For this exercise, copy exactly every line from the one holding "women's pants &" through the end of the data, both included. Omit pictures.

-- MATERIAL SHOWN follows --

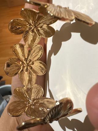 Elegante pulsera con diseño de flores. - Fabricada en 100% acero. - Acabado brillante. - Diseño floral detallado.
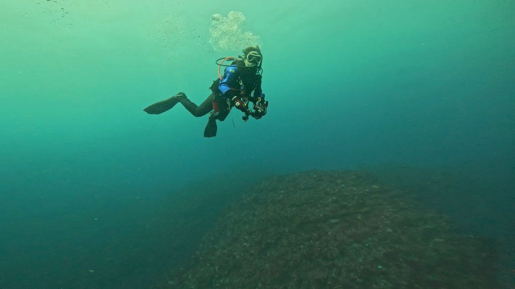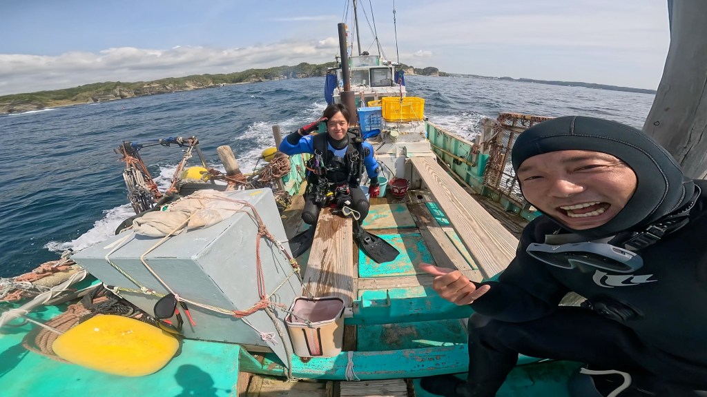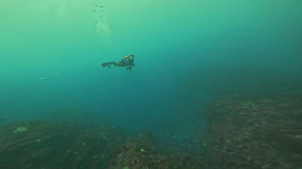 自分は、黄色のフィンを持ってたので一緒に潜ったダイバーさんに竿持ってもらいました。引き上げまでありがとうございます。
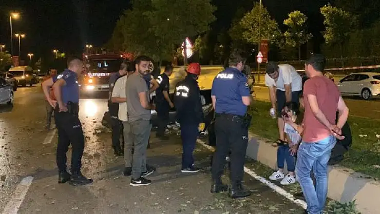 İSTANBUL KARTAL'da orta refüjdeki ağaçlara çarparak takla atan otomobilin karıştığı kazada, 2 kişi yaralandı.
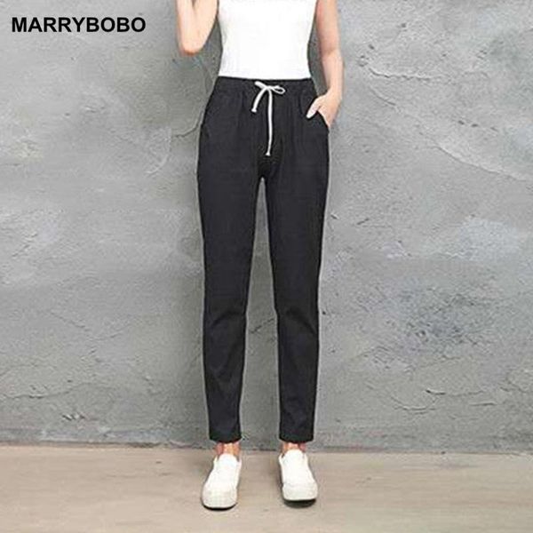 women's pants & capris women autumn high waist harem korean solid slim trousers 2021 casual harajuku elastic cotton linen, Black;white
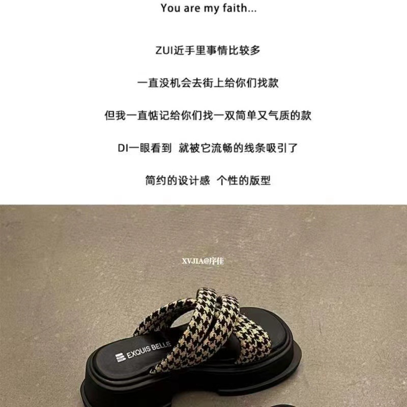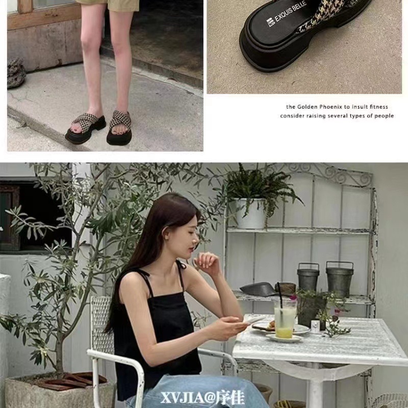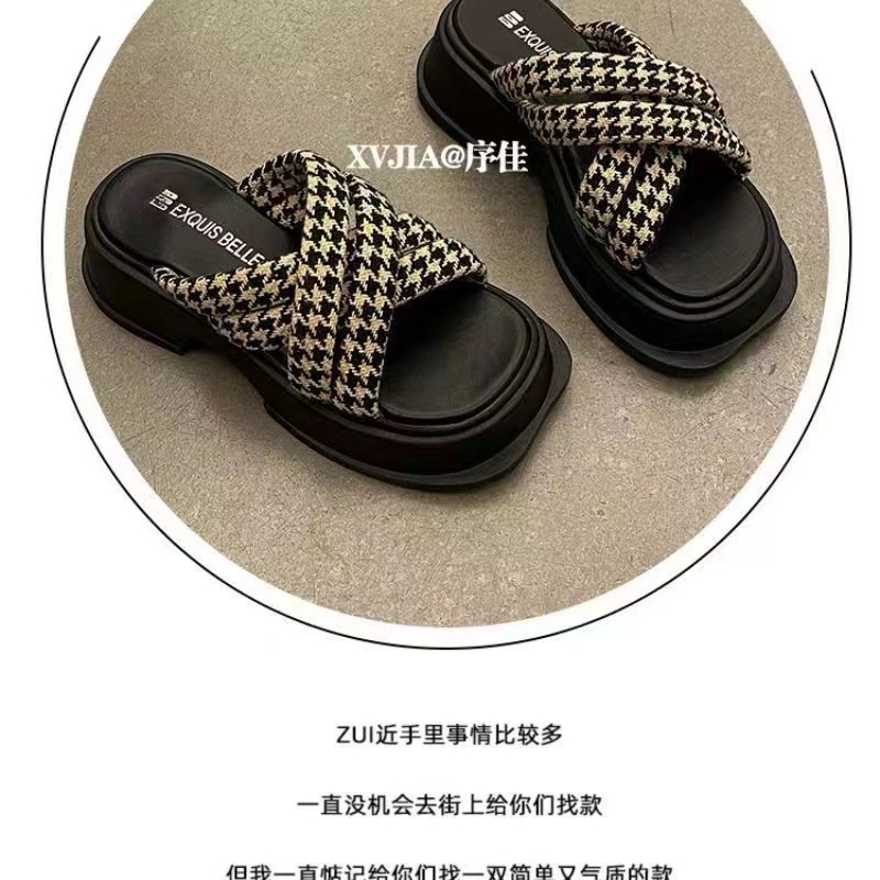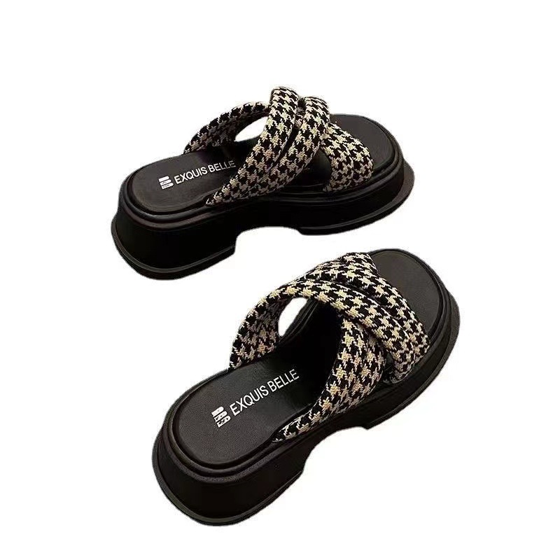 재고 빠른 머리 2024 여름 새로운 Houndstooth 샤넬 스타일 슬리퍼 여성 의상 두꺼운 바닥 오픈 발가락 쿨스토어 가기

-- MATERIAL SHOWN concluded --

PROBLEM SOLUTION:
 women's pants & capris women autumn high waist harem korean solid slim trousers 2021 casual harajuku elastic cotton linen, Black;white
 재고 빠른 머리 2024 여름 새로운 Houndstooth 샤넬 스타일 슬리퍼 여성 의상 두꺼운 바닥 오픈 발가락 쿨스토어 가기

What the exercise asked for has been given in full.